0
我發現在train.txt中訓練情感模型的數據是PTB格式,看起來像這樣。創建另一個train.txt來訓練其他域的情感模型
(3 (2 Yet) (3 (2 (2 the) (2 act)) (3 (4 (3 (2 is) (3 (2 still) (4 charming))) (2 here)) (2 .))))
其真正的句子應該是
Yet the act is still charming here.
但是解析後,我得到了不同的結構
(ROOT (S (CC Yet) (NP (DT the) (NN act)) (VP (VBZ is) (ADJP (RB still) (JJ charming)) (ADVP (RB here))) (. .)))
跟隨我的代碼:
public static void main(String args[]){
// creates a StanfordCoreNLP object, with POS tagging, lemmatization, NER, parsing, and coreference resolution
Properties props = new Properties();
props.setProperty("annotators", "tokenize, ssplit,parse");
StanfordCoreNLP pipeline = new StanfordCoreNLP(props);
// read some text in the text variable
String text = "Yet the act is still charming here .";// Add your text here!
// create an empty Annotation just with the given text
Annotation annotation = new Annotation(text);
// run all Annotators on this text
pipeline.annotate(annotation);
// these are all the sentences in this document
// a CoreMap is essentially a Map that uses class objects as keys and has values with custom types
List<CoreMap> sentences = annotation.get(CoreAnnotations.SentencesAnnotation.class);
// int sentiment = 0;
for(CoreMap sentence: sentences) {
// traversing the words in the current sentence
Tree tree = sentence.get(TreeCoreAnnotations.TreeAnnotation.class);
System.out.println(tree);
// System.out.println(tree.yield());
tree.pennPrint(System.out);
// Tree tree = sentence.get(SentimentCoreAnnotations.SentimentAnnotatedTree.class);
// sentiment = RNNCoreAnnotations.getPredictedClass(tree);
}
// System.out.print(sentiment);
}
然後兩個問題出現當我使用m y自己的句子來創建train.txt。
1.我的樹不同於train.txt中的樹,我知道後者中的數字是情感的極性。
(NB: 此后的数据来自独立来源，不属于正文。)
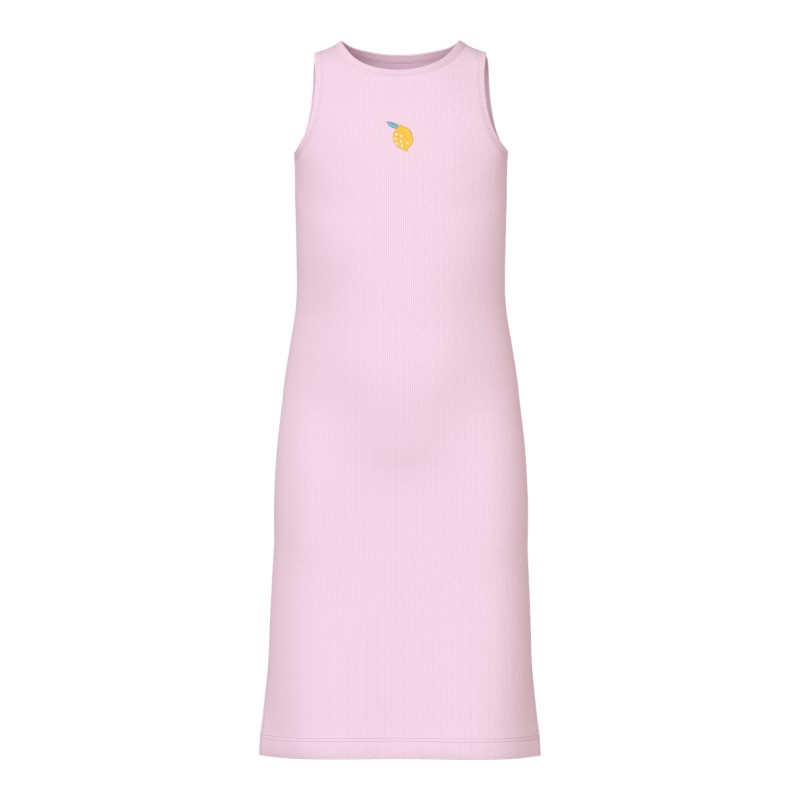 Composez la tenue parfaite pour votre enfant avec des styles quotidiens de qualité et créez un look confortable et tendance. - Type d'article : Robe - Col : Col rond - Manches : Sans manches - Détails : Détail brodé - Coupe : Slim Fit Composé : 95% Coton - Bio, 5% Élasthanne

但似乎樹結構不同,我想要得到一個二值化的分析樹,它可能看起來像這樣
((Yet) (((the) (act)) ((((is) ((still) (charming))) (here)) (.))))
一旦我得到的感悟號碼,我可以填滿它讓我自己train.txt
2.How得到的二值化解析樹的每個節點都短語,在這個例子中,我應該得到
Yet
the
act
the act
is
still
charming
still charming
is still charming
here
is still charming here
.
is still charming here .
the act is still charming here .
Yet the act is still charming here.
一旦我得到它們,我可以花錢註釋他們的人類註解。
其實我google了他們很多,但不能解決它們,所以我張貼here.Any有用的答案將不勝感激!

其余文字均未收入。